He had some friends among the diggers. The big gum tree in front of the church tent soon became a kind of trysting place on Sundays, at which men could meet with old acquaintances and shipmates, and convicts could find old pals. Amongst the crowd one Sunday were five men belonging to a party of six from Nyalong; the sixth man was at home guarding the tent. Four of the six were Irish Catholics, and they came regularly to Mass every Sunday; the other two were Englishmen, both convicts, of no particular religion, but they had married Catholic immigrants, and sometimes went to church, but more out of pastime than piety. One of these men, known as John Barton-- he had another name in the indents--stood under the gum tree, but not praying; I don't think he ever thought of praying except the need of it was extreme.

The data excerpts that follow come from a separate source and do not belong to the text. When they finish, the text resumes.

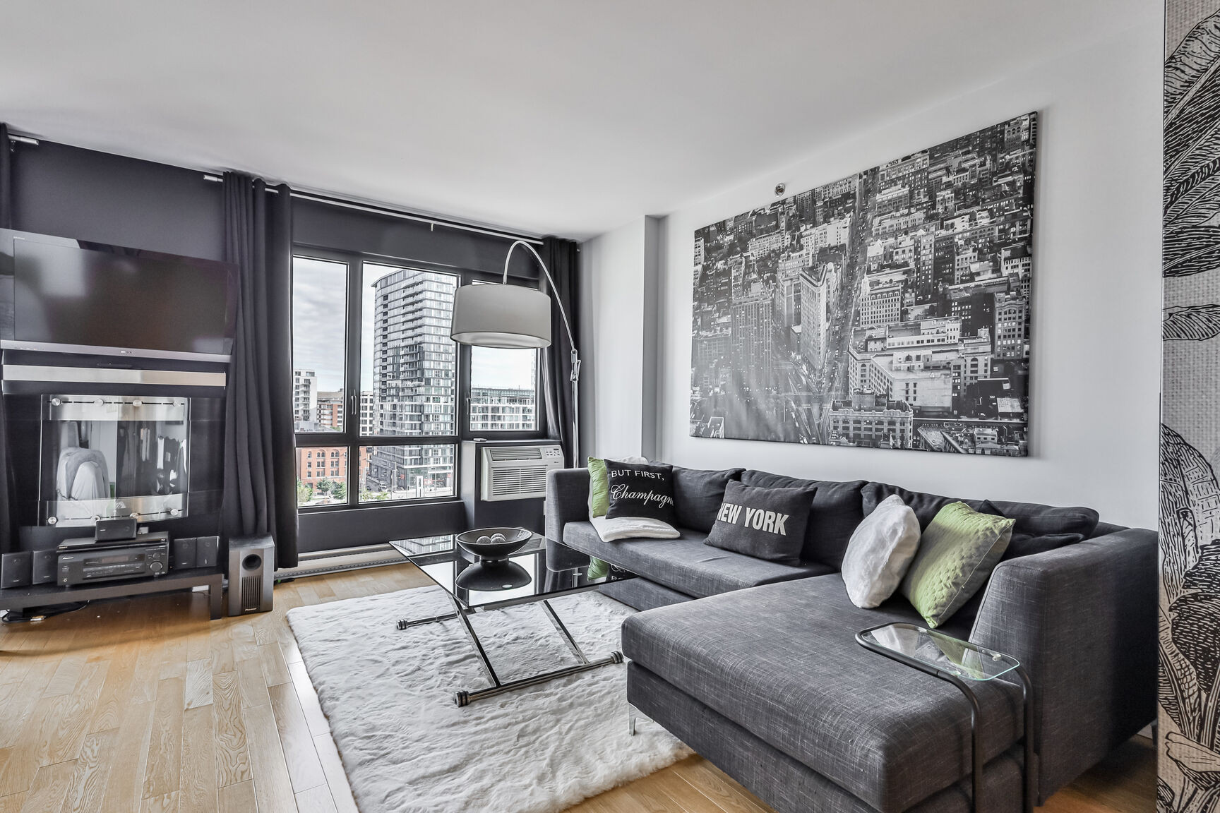 PRIME LOCATION, with indoor parking, large 3 1/2 condo with open bedroom, 100% equipped, warm and modern character, 650 meters from Bonaventure metro station. Located in the coveted Griffintown district near the old Port and all services, grocery stores, SAQ, several cafes and restaurants.... This condo comes fully furnished with 5 appliances, with a double bed, sofa, kitchen table. Workspace, office. The kitchen comes fully equipped with the essentials for cooking, such as cookware, dishes, cutlery, etc. You have access to indoor parking. Also, GYM, swimming pool, terrace, spa, BBQ, fireplace. Near the city center and all services, very bright and sunny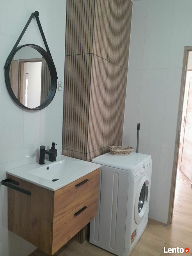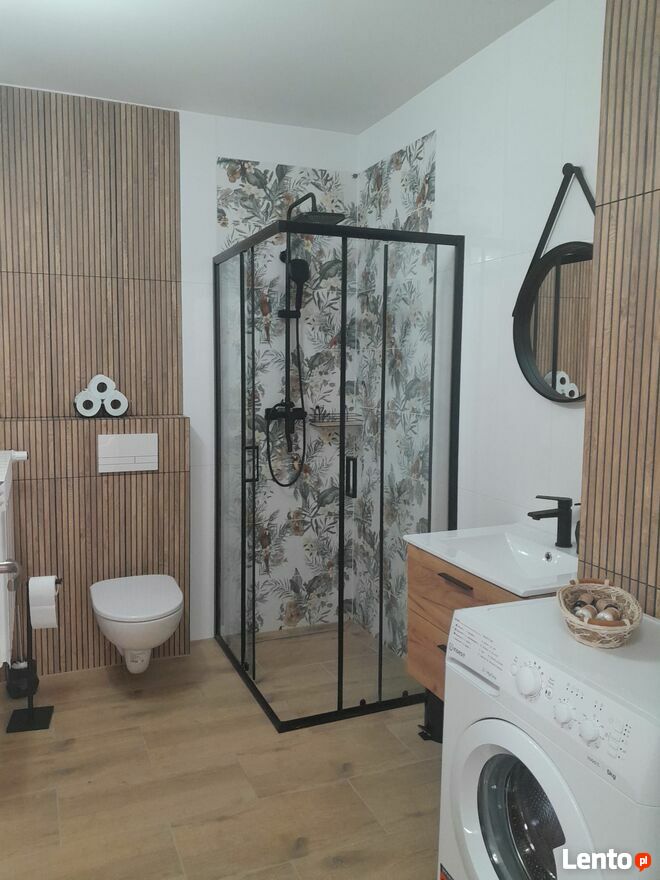 Łazienka wyposażona jest w prysznic, umywalkę, toaletę, pralkę oraz jednorazowe balsamy , mydełka i papier toaletowy.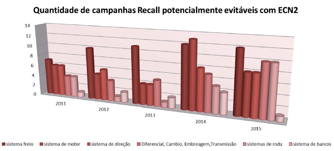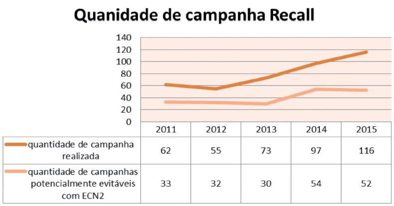 Uma ferramenta disponível para as montadoras agirem em contenção, para bloquear defeitos técnicos de componentes ainda em seus fornecedores, é a implementação de um sistema de Embarque Controlado Nível 2 (ECN2), dessa forma, todas as peças, suspeitas de irregularidades, passam por um processo de rigorosa seleção e, somente peças aprovadas, seguem embarque, rumo à montadora (Elbern, 2012). A figura 4 mostra a quantidade de campanhas de Recall que foram realizadas nos últimos cinco anos, assim como a quantidade de campanhas específicas por defeitos técnicos, sendo esse tipo de defeito possível de se impedir em um processo de ECN2, com grande potencial de ter sido evitado se houvesse a aplicação de um ECN2 eficaz (PROCON, 2016).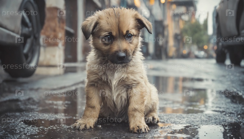 Грустный одинокий щенок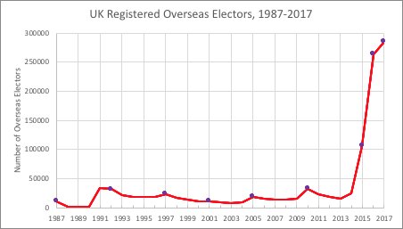 Although there are potentially large numbers of people potentially affected by the Bill, we are in reality unlikely to see that many new registrations: historically, registration levels of overseas electors are low, though they have been increasing since the introduction of on-line registration in 2015 and the EU Referendum in 2016, as shown in the table below. - The Government anticipates that numbers could rise to anything between about 200,00 – 870,000 under the new legislation. But these are very much ‘guesstimates’ since it has no established channels of communication with its expatriate citizens.

He was of medium height, had a broad face, snub nose, stood erect like a soldier, and was strongly built. His small ferrety eyes were glancing quickly among the faces around him until they were arrested by another pair of eyes at a short distance. The owner of the second pair of eyes nudged two other men standing by, and then three pairs of eyes were fixed on Barton. He was not a coward, but something in the expression of the three men cowed him completely. He turned his head and lowered it, and began to push his way among the crowd to hide himself. After Mass, Philip found him in his tent, and suspecting that he was a thief put his hand on a medium-sized Colt's revolver, which he had exchanged for his duelling pistols, and said:

"Well, my friend, and what are you doing here?"

"For God's sake speak low," whispered Barton. "I came in here to hide. There are three men outside who want to kill me."

"Three men who want to kill you, eh? Do you expect me to believe that anybody among the crowd there would murder you in broad daylight? My impression is, my friend, that you are a sneaking thief, and that you came here to look for gold. I'll send a man to the police to come and fetch you, and if you stir a step I'll shoot you."

"For goodness' sake, mate, keep quiet. I am not a burglar, not now at any rate. I'll tell you the truth. I was a Government flagellator, a flogger, you know, on the Sydney side, and I flogged those three men. Couldn't help it, it was my business to do it. I know they are looking for me, and they will follow me and take the first chance to murder me. They are most desperate characters. One of them was insubordinate when he was assigned servant to a squatter, and the squatter, who was on horseback, gave him a cut with his stockwhip. Then this man jumped at his master, pulled him off his horse, dragged him to the wood-heap, held his head on the block, seized the axe, and was just going to chop his master's head off, when another man stopped him. That is what I had to flog him for, and then he was sent back to Sydney. So you can just think what a man like that would do. When my time was up I went as a trooper to the Nyalong district under Captain Foster, the Commissioner, and after a while I settled down and married an immigrant woman from Tipperary, a Catholic. That's the way I happened to be here at Mass with my mates, who are Catholics; but I'll never do it again; it's as much as my life is worth. I daresay there are lots of men about Bendigo whom I flogged while I was in the business, and every single man-jack of them would kill me if he got the chance. And so for goodness' sake let me stay here till dark. I suppose you are an honest man; you look like it anyway, and you would not want to see me murdered, now, would you?"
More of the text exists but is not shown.